In the National Broadband Plan (NBP) released March 16, the FCC proposes a “Mobile Future Auction,” which will permit existing spectrum licensees, particularly television broadcasters, to voluntarily relinquish spectrum in exchange for a share of auction proceeds.
According to the NBP, TV spectrum is not being used efficiently and would be better allocated to mobile broadband use. The proposed Mobile Future Auction would be the recommended way to encourage TV licensees to relinquish spectrum in return for at least some of the proceeds when their spectrum is auctioned.
The NBP calls for “freeing up” 500MHz of spectrum over the next decade, with 120MHz to come from broadcast TV. One way the FCC hopes to achieve that is to develop “market-based mechanisms” (i.e., special-feature auctions) that enable spectrum intended for the commercial marketplace to flow to the uses the market values most. Under the FCC plan, broadcasters would not only share in the proceeds of the resulting spectrum auctions, but also their participation in the scheme would be voluntary. How “voluntary” would this be with the FCC controlling the rules of a game where those rules are based on policy goals that cannot be fully achieved absent an end to free, over-the-air TV? It is unlikely broadcasters would volunteer to give up their spectrum without first receiving a guarantee that they would receive at least full value for their stations.
Precisely how such an auction would work has not been determined; indeed, there may be no need to spell out the details at this point. But it is apparent that the commission has thoroughly embraced the notion that television spectrum is a resource that can and should be repurposed for mobile broadband use.
In a February speech, FCC chairman Julius Genachowski said there is a “massive amount of unlocked value” in TV spectrum — maybe even $50 billion, according to “one study,” and that “a broad range of analysts, companies and trade associations” have shown the inefficiencies of the current allocation scheme. The study says, “Even in our very largest cities, at most only about 150MHz out of 300MHz [of TV spectrum] are used.”

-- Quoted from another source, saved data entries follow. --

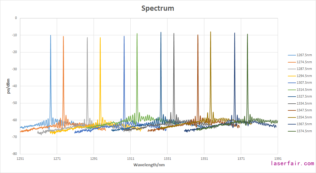 該款12波MWDM激光器芯片,完全滿(mǎn)足中國(guó)移動(dòng)提出的5G Open-WDM/MWDM半有源創(chuàng)新前傳解決方案標(biāo)準(zhǔn),在CWDM前6波的基礎(chǔ)上,中心波長(zhǎng)左右各偏移3.5nm,從而擴(kuò)展通道實(shí)現(xiàn)了12個(gè)波長(zhǎng)波分復(fù)用。由于復(fù)用了現(xiàn)有CWDM激光器芯片產(chǎn)業(yè)鏈,可以有效降低MWDM激光器芯片的研發(fā)成本并實(shí)現(xiàn)快速量產(chǎn)發(fā)貨。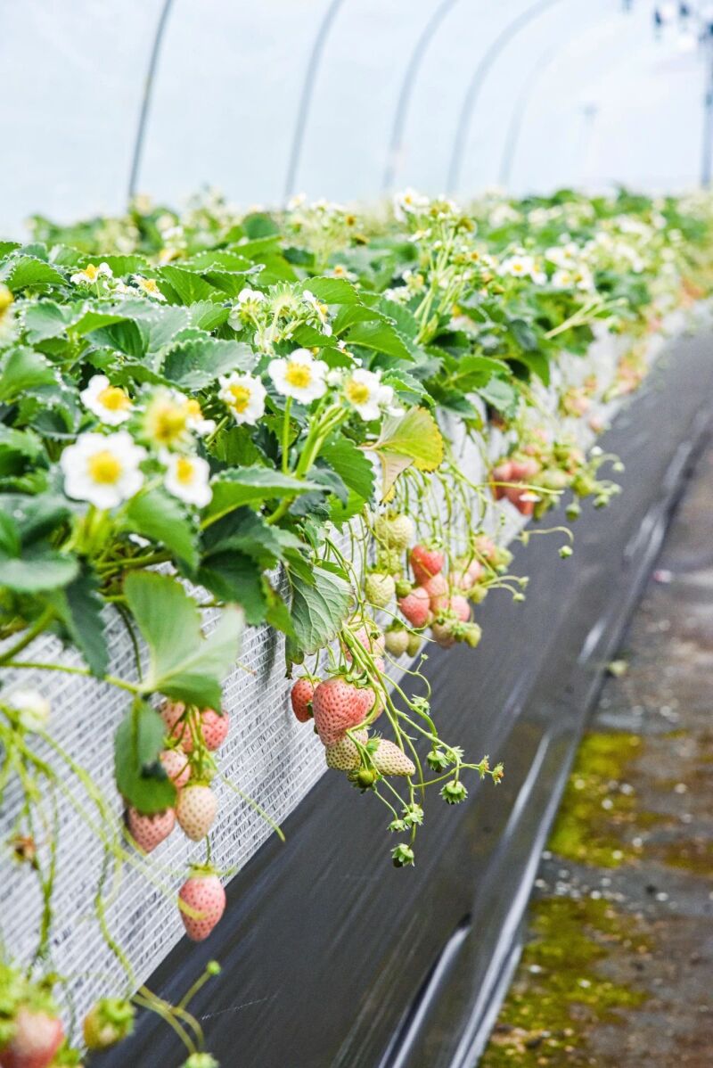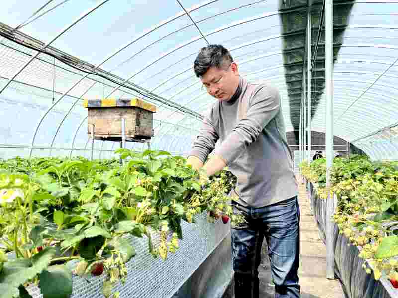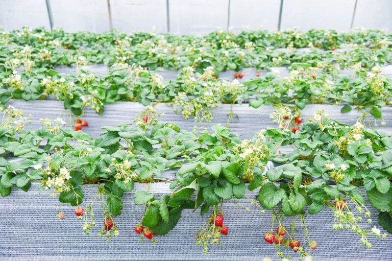 “立架高栽是一種新的栽培模式,不用彎腰,省工省力、清潔輕便、綠色高效。”徐洪介紹,傳統(tǒng)栽培草莓的土壤中容易滋生病菌,發(fā)生土傳病害。立架高栽采用的是專用草莓種植基質(zhì),杜絕了土傳病害的發(fā)生。園內(nèi)草莓苗自帶營養(yǎng)基質(zhì),可減少病害發(fā)生的可能。此外,還在草莓葉表面均勻鋪撒一些細小的木屑,木屑中混入了肉眼看不到的捕食螨。利用捕食螨“以蟲治蟲”,減少了農(nóng)藥的使用。 周康偉介紹,草莓大棚里采用了水肥一體機,將水和營養(yǎng)液通過滴灌系統(tǒng),均勻送入種植基質(zhì),節(jié)水節(jié)肥節(jié)約人力,還能科學地給每棵植株提供均衡營養(yǎng),使草莓的生長發(fā)育始終處于最佳狀態(tài),促進果實品質(zhì)的提高。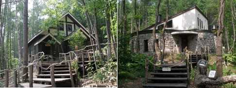 見本林の中には管理人の古い家と、赤い屋根のサイロと牛舎が建っていた。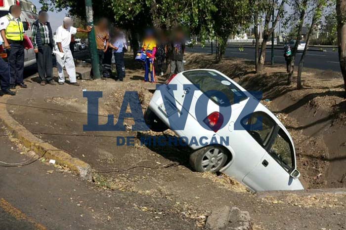 Cae automóvil a un canal en Morelia; un lesionado
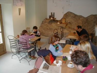 Un salon de thé où l'on peut se rafraîchir ou se réchauffer selon la saison, composer son casse-croûte avec les produits de la boutique, déguster de délicieuses glaces artisanales …et savourer la douce quiétude de Thines et son superbe paysage.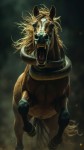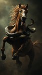 Struggling Stallion Horse Wrapped by Cobra Snake in Horror Scene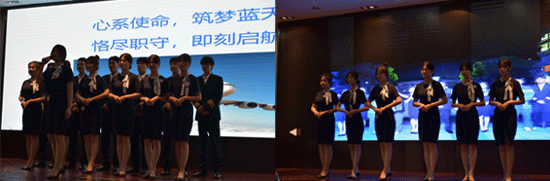 2208班帶來的作品《匠心筑夢,未來可飛》講述了要想成為一名氣質(zhì)出眾、禮儀標準、素質(zhì)過硬的航空乘務員,不僅需要具備一定的文化素養(yǎng),還應擁有良好的職業(yè)素養(yǎng),這些都離不開日常的艱苦訓練。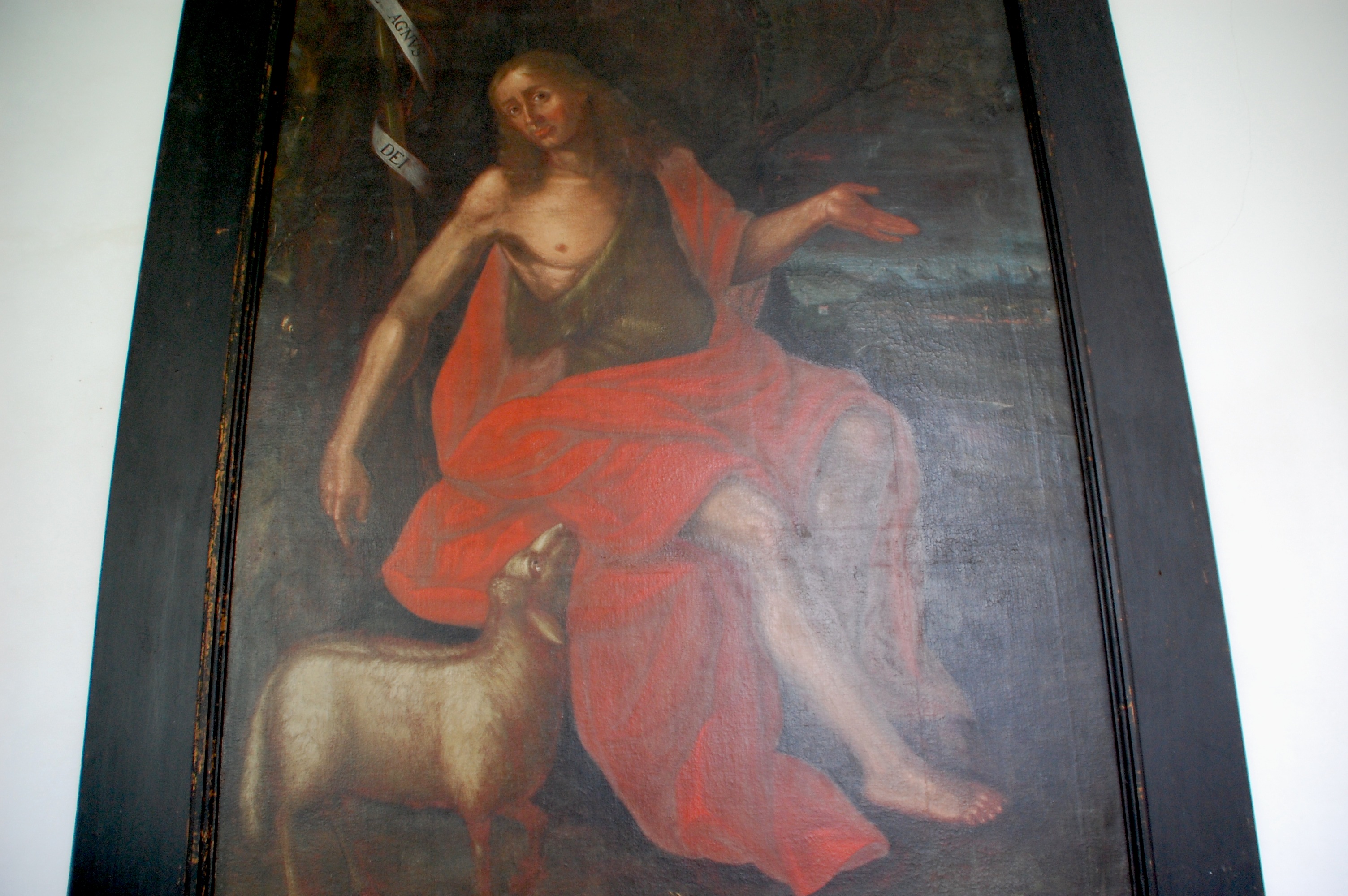 Agnus Dei, das Lamm Gottes, hier auf einem Tafelbild aus dem 17. Jahrhundert. Mit der Linken weist Johannes der Täufer auf die Stadt Frauenfeld mit den Churfirsten im Hintergrund. Durch diese Einbettung wurde den Gläubigen die biblische Geschichte nahegebracht. Bild: kaz.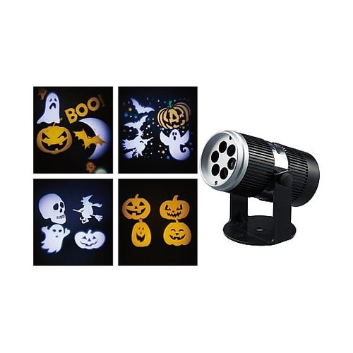 カボチャ、オバケ、ガイコツ、魔女。カートリッジ差し替えで映すデザインを変更できます。 |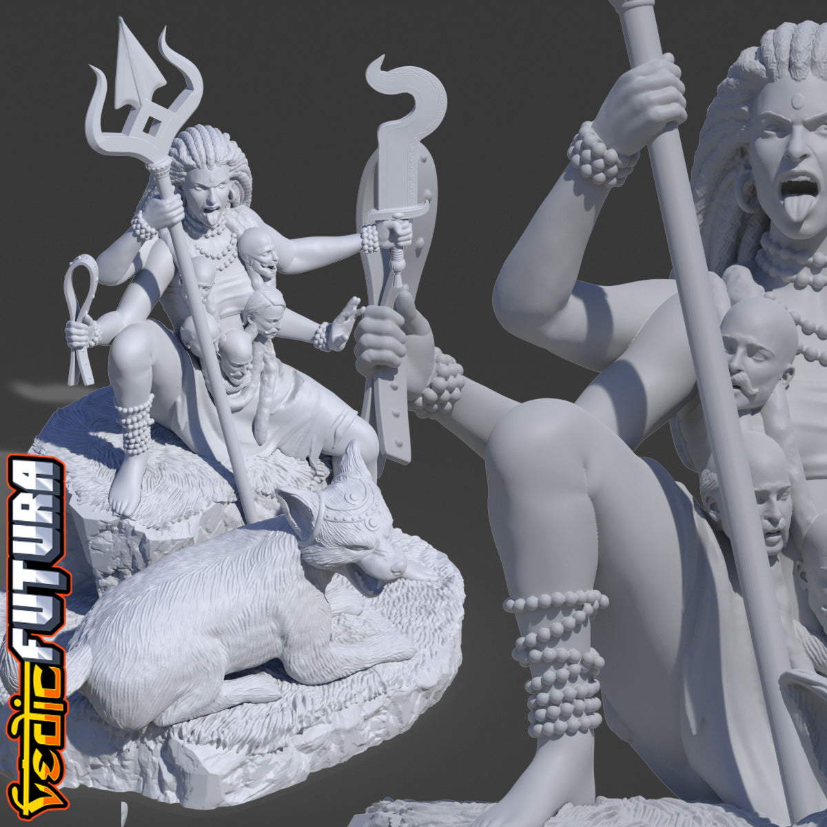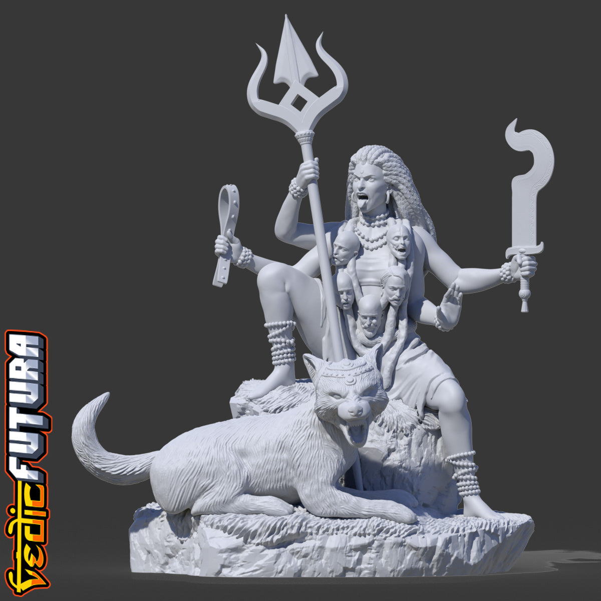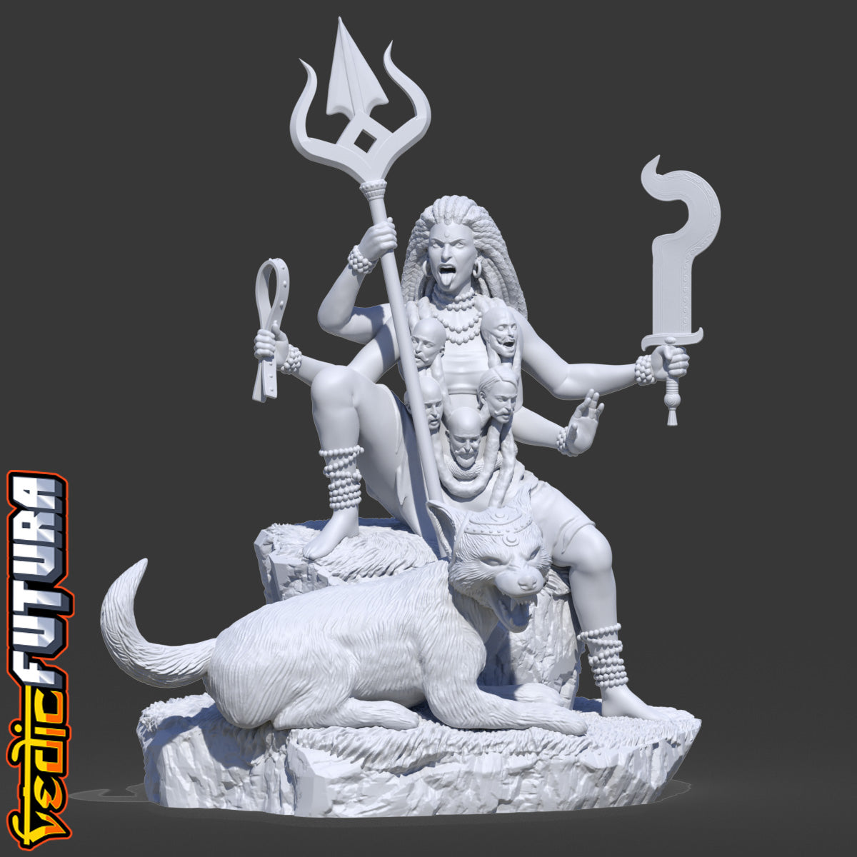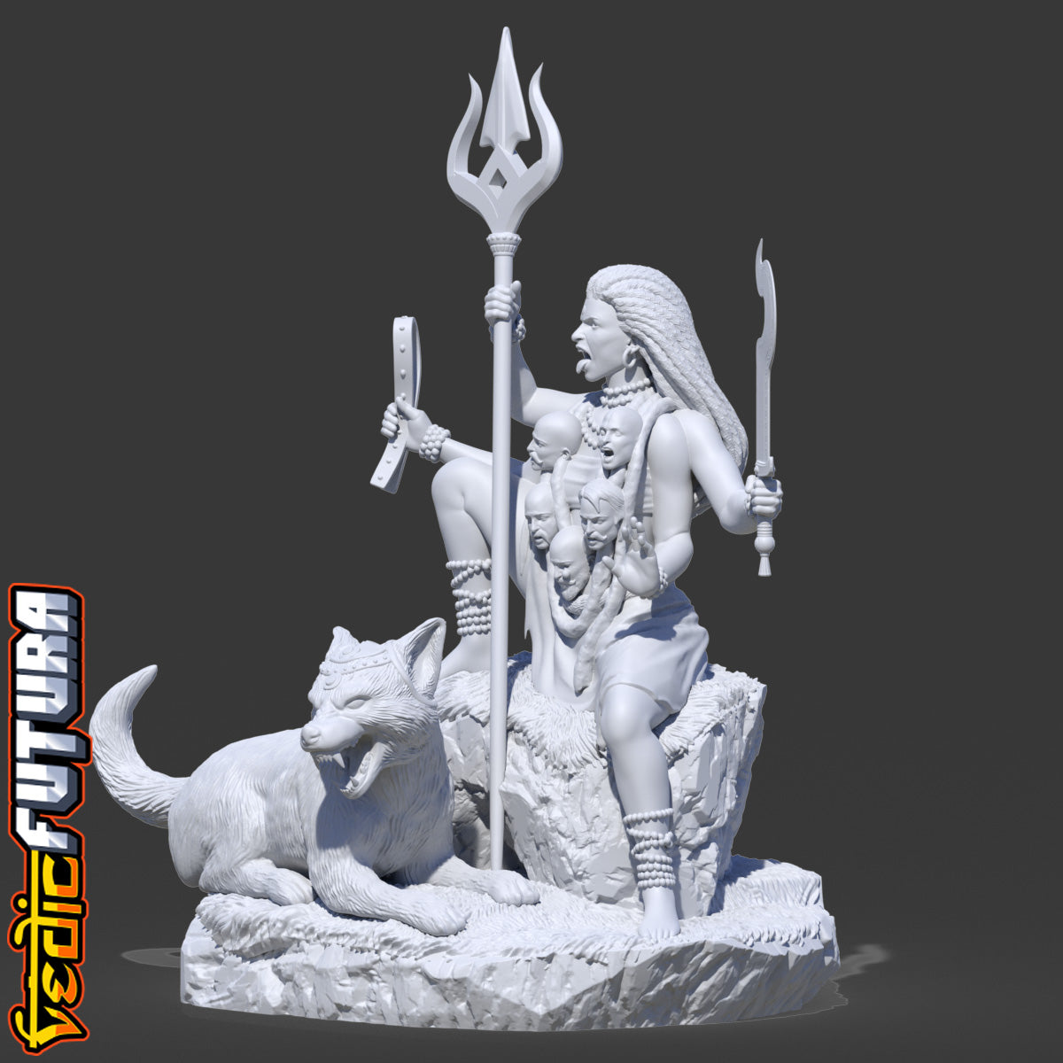Crafted with a comic book aesthetic, the sculpture portrays Shivaduti with a dark and fierce appearance. She is depicted with four arms, each bearing a symbol of her divine power: a trident, a scimitar, a severed head, and one hand in the abhaya mudra, offering protection and fearlessness to her devotees. Her matted hair and the garland of human heads around her neck underscore her warrior aspect. A jackal, her faithful vahana, crouches at her feet, enhancing her wild and formidable presence.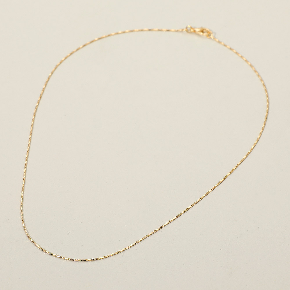 Details • Necklace Size : 16" L • Decor Size : 0.1" L (1mm) • Delicate twist chain necklace featuring a finely textured design that catches the light with every movement. Perfect for layering or wearing solo, this elegant piece adds a refined shimmer to casual and dressy looks alike. • Lead and Nickel Compliant • Gold Filled • Made In Brazil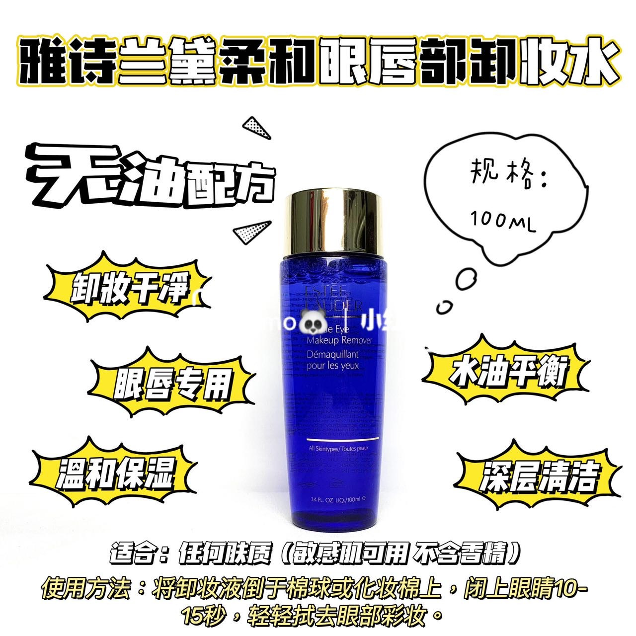 它的质地轻盈,能够迅速彻底地抹去水溶性的眼部彩妆,并不留下任何油脂残留。不含油脂,不含香精香料,经皮肤科专家测试!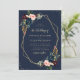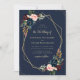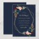 Um design Floral azul-Marinho e arrojado com um quadro geométrico dourado com texto no meio. As flores cor-de-rosa e azul-marinho são perfeitas para seus temas de verão, inverno e casamento outono. Você pode alterar o texto, o tamanho do texto, a cor e a fonte neste modelo.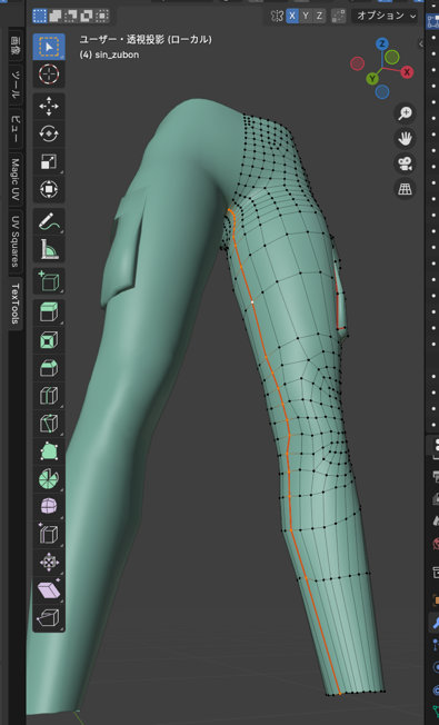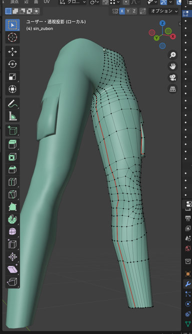 オブジェクトモードでズボンを選択して「/」を押し、ズボンだけを表示します。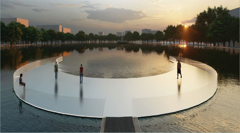 Phương án thiết kế một đài ngắm cảnh giữa Hồ Hoàn Kiếm và sử dụng công nghệ Hologram tạo ra một ảnh đa chiều lơ lửng chiếu lại hình ảnh các công trình nổi tiếng xung quanh Hồ trong suốt một ngày dài. Tác giả muốn tạo ra một trục thời gian hư ảo, mở lối đến chốn phàm trần.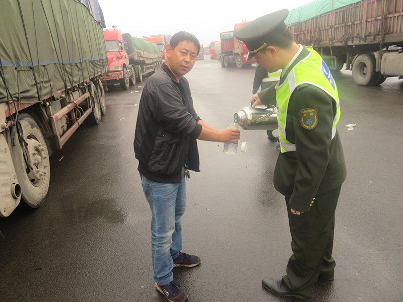 國慶假期的最后兩日,接交警通知青蘭站實行交通管制禁止黃牌車輛上道,廣場上的滯留車輛漸漸多了起來,當(dāng)班班長帶領(lǐng)疏導(dǎo)人員不斷詢問司機的目地的,為他們指引其他路線,但很多去南方的車輛因德州外環(huán)禁止貨車通行的緣故只能等待高速開通,導(dǎo)致了外廣場上堆積了大量的貨車。加上天公不作美,下起了冰冷的秋雨,天氣變得非常寒冷。本著“至親至誠,樂善樂為”的服務(wù)理念,青蘭站的職工為司機送去了熱水,幫助司機泡面。因車輛較多,兩名職工連續(xù)往返十多次不斷地供應(yīng)著熱水,爭取能照顧到所有的司乘,只為在這寒冷的天氣里為司機送上溫暖和祝福。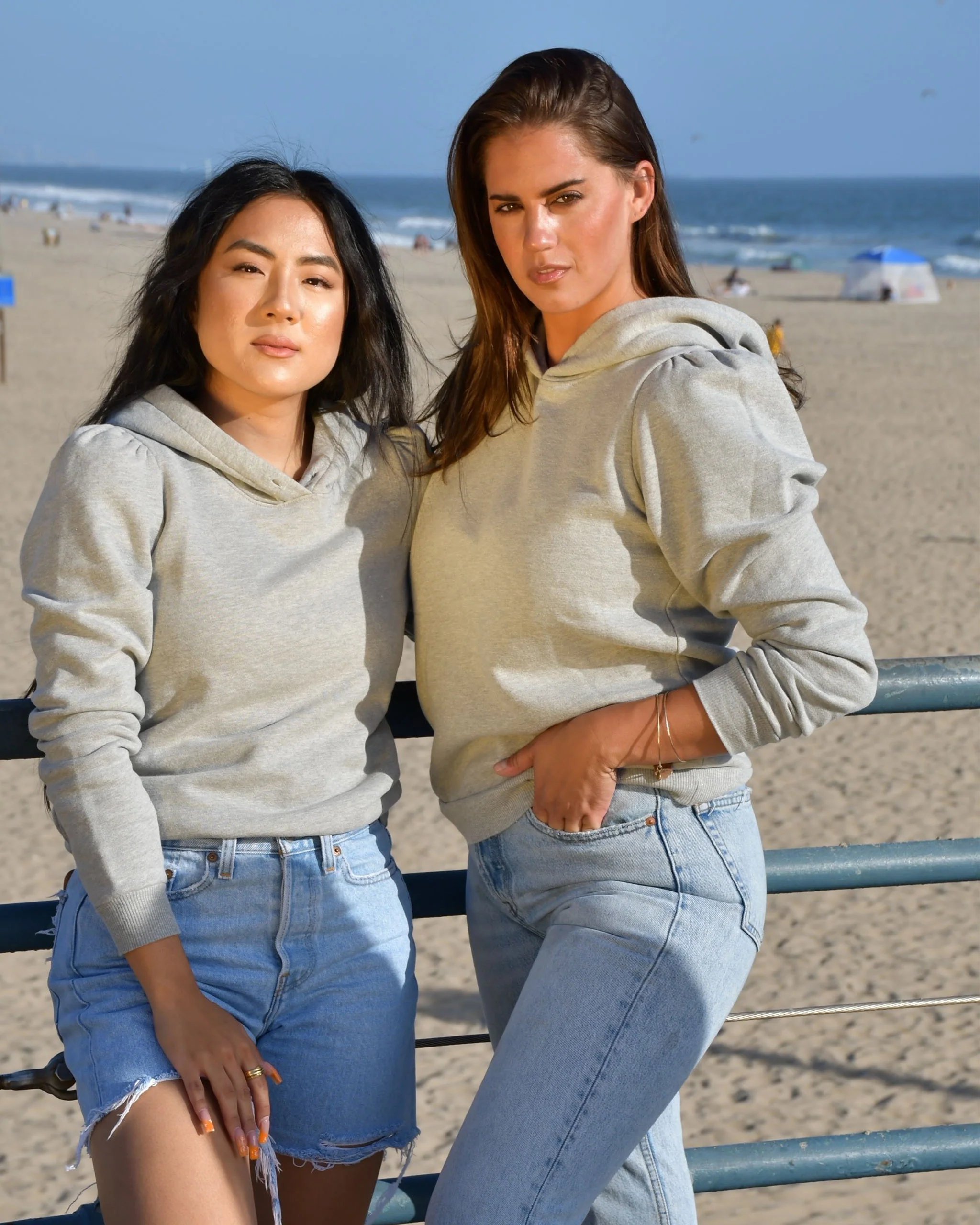 A cozy sweatshirt fit to flatter DD+ cups with a lower neckline (don't you hate it when hoodies choke?), slim body and subtle puff shoulders that accentuate your femininity. Hidden side pocket for a key or a lipstick on-the-go. Perfect for day or night. Finally, a sweatshirt that doesn't make us look bigger than we are!

Genachowski said,“the Mobile Future Auction is a win-win proposal: for broadcasters, who win more flexibility to pursue business models to serve their local communities; and for the public, which wins more innovation in mobile broadband services, continued free, over-the-air television, and the benefits of the proceeds of new and substantial auction revenues.”
Publication of the NBP may not have any immediate or long-term effects on TV spectrum use. The statute requiring the NBP simply directs the FCC to do its due diligence to come up with a plan and then tell Congress about it. The FCC has no independent authority to implement the NBP without formal notice-and-comment rulemaking proceedings. Moreover, the FCC's statutory auction authority does not permit the agency to turn over auction proceeds to incumbent licensees or anyone else but the U.S. Treasury.
Also, members of Congress may be reluctant to let the FCC raid TV spectrum, particularly if broadcasters increase the introduction of multichannel video and data services on their own. Another key factor is, of course, the considerable political clout TV broadcasters have in their home markets in an election year.
Harry C. Martin is a member of Fletcher, Heald and Hildreth, PLC.